So here’s the recipe and some pictures.

French Baguettes

Ingredients
7 g Easy bake yeast sachet
270 g Warm water (lukewarm 35-40°C)
1 tsp Granulated sugar
450 g Strong white bread flour
2 tsp Salt

Method

Step 1: Started at 5 am.
In a large bowl mix the yeast with the water and sugar.
Sift the flour and salt together in a separate bowl, add half to the yeast mixture, stir and cover.
Leave until the dough has doubled in size. (I left it for 4 hours at 22-23°C by which time it was well risen three quarters filling the bowl)


Yeast beginning to work

Step 2:
Add the remaining flour and mix to a light dough.
Knead for 10 minutes by hand or for 5 minutes if using a food mixer fitted with a dough hook.

Step 3:
Divide the dough into 3 pieces and shape each into an oblong.
Fold the 2 ends into the middle and seal, repeat this process 3 or 4 more times for each piece.

Step 4:
Roll each piece of dough into a 33-34 cm (13-14”) long loaf.


Ready for oven

Step 5: (Reached this stage after a further hour.
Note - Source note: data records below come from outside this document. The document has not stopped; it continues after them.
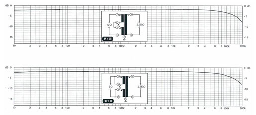 - レンジも充分に確保し、高音域は-1dbで80kHz、2.2dbで120kHzまで伸びています。また低レベル時のS/Nの良さはこれまでのトランスとは全く異なり、ハイエンドアンプと組み合わせた時、その質の高さをいっそう感じることができるはずです。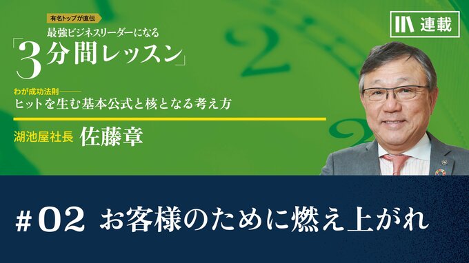 第2話 2023/5/8 月曜朝のエネルギー、全4回のレター お客様のために燃え上がれ 心のアップグレード 3分間レッスン マネジメント リーダーシップ 佐藤さんは、ヒットを連発するトップマーケターですが、開発の現場では、たいていどこかで理論では説明のつかないことが起きます。そのとき、リーダーに求められるものは何か。「商品開発者は野生児であれ」と語ります。その真意とは?(2022年3月14日レター) 佐藤 章 湖池屋代表取締役社長 1959年、東京都生まれ。82年、早稲田大学法学部を卒業後、キリンビールに入社。その後、キリンビバレッジに出向し、缶コーヒー「FIRE」、茶飲料「生茶」「聞茶」などをヒットさせた。2014年にキリンビバレッジ社長に就任。16年にフレンテ(現・湖池屋)執行役員兼日清食品ホールディングス執行役員に転じ、同年9月から現職。(2022年3月配信時)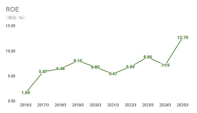 ROEは5~8%台で移動しています。2025年3月期は、不動産の売却益による純利益率の上昇やきずなHDの経営統合による財務レバレッジの上昇でROEが向上したと考えられます。新中期経営計画(2025年度~2027年度)では中長期的なROE8%以上を目指すことを公表しており、今後M&Aをしつつも利益率を下げずに安定したROE向上を出来ることを期待したいです。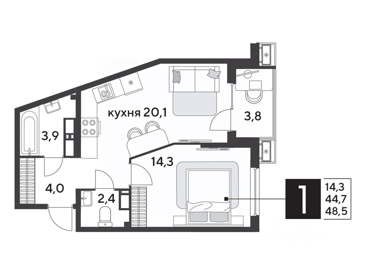 Срок сдачи: 1 кв. 2026, общей площадью 48.5 кв.м., на 18 этаже.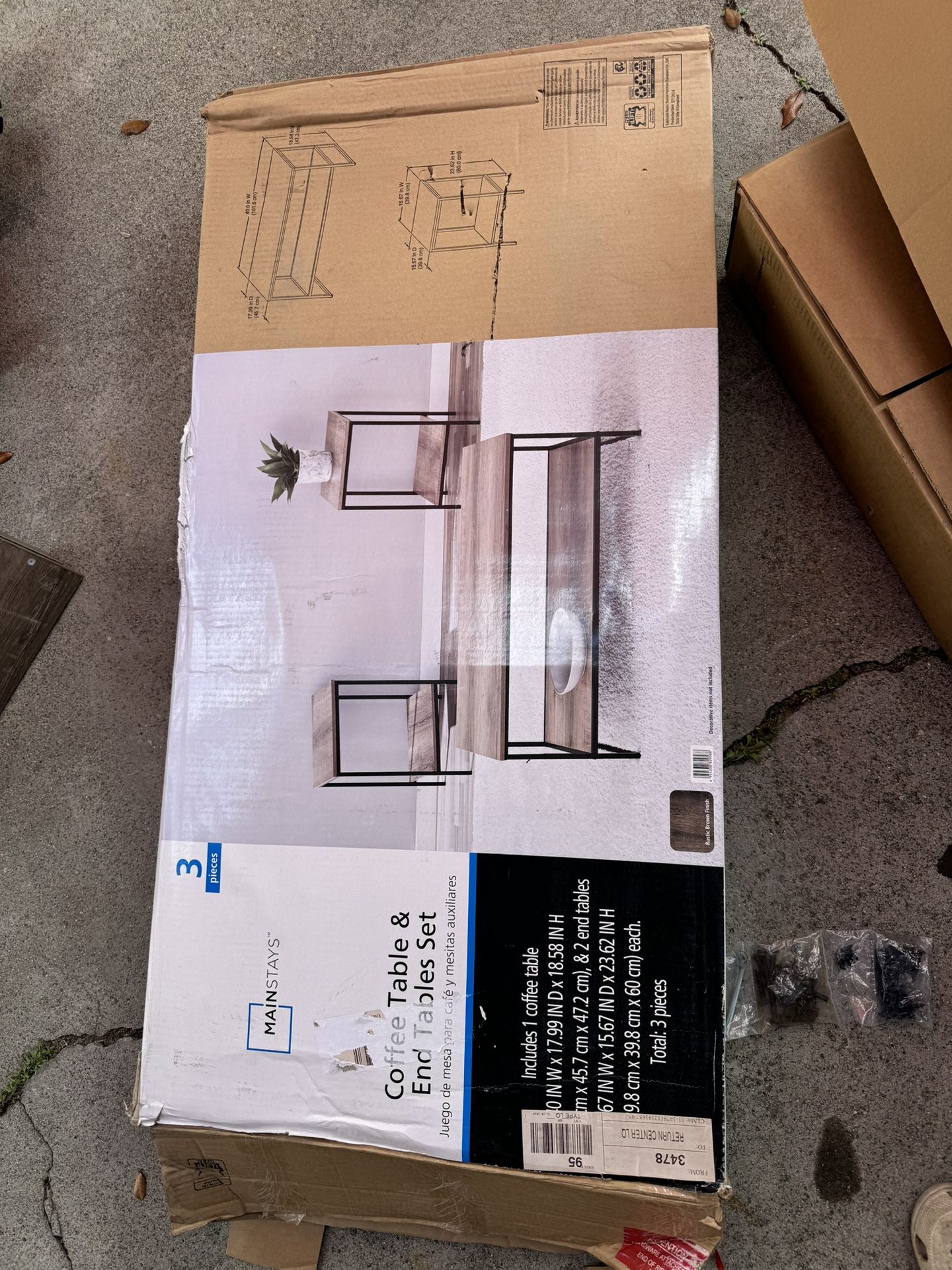 Mainstays Contemporary 3 Piece Rectangular Particle Board Coffee Table, Rustic Brown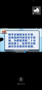 增强国家安全意识,保障国家长治久安。为提高员工国家安全意识,4月15日上午10点,足球赌注网站18020515班开展线上全民国家安全教育日主题学习活动。班长张国强主持本次活动,辅导员王晶、组织委员丁一主讲,18020515班全体员工参加活动。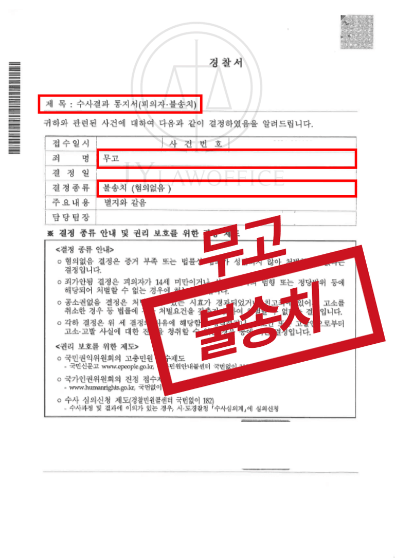 이와 같은 본 형사전문변호사의 조력으로 의뢰인은 무고 혐의에 대해 불송치(혐의 없음)의 결정을 받고 경찰단계에서 형사 처벌을 피하며 무사히 사건을 종결시킬 수 있었습니다.

Happy with the progress.)
Place onto a greased baking tray and leave until doubled in size, then slash the tops.
Meanwhile preheat the oven to 200°C (fan 180°C, gas mark 7).


Rolls baked and out of oven, piece taken for testing purposes

Step 6: (After a further two hours, 12.00 am, I reached this point. Ready to bake.)
Bake for 20 minutes carefully spraying the inside of the oven and the dough with water during the first 5 minutes of baking.


Buttered and filled with chopped boiled egg, onion and mayonnaise

Try it, I promise it is far easier than you would think.
Thanks to Hilary for the photos.

I got up at 5 am and worked through it again, added the timings for anyone interested. It is a slow lazy loaf. Finished at about 12.30am. Seven and a half hours all together. Mostly spent drinking coffee and browsing the net on my laptop. The yeast did all the work.

This is the result of today’s bake. The oven and dough were sprayed with a film of water just before baking, which encouraged the crust formation and appearance. Giving the yeast a bit more time, as well, has produced a definite improvement.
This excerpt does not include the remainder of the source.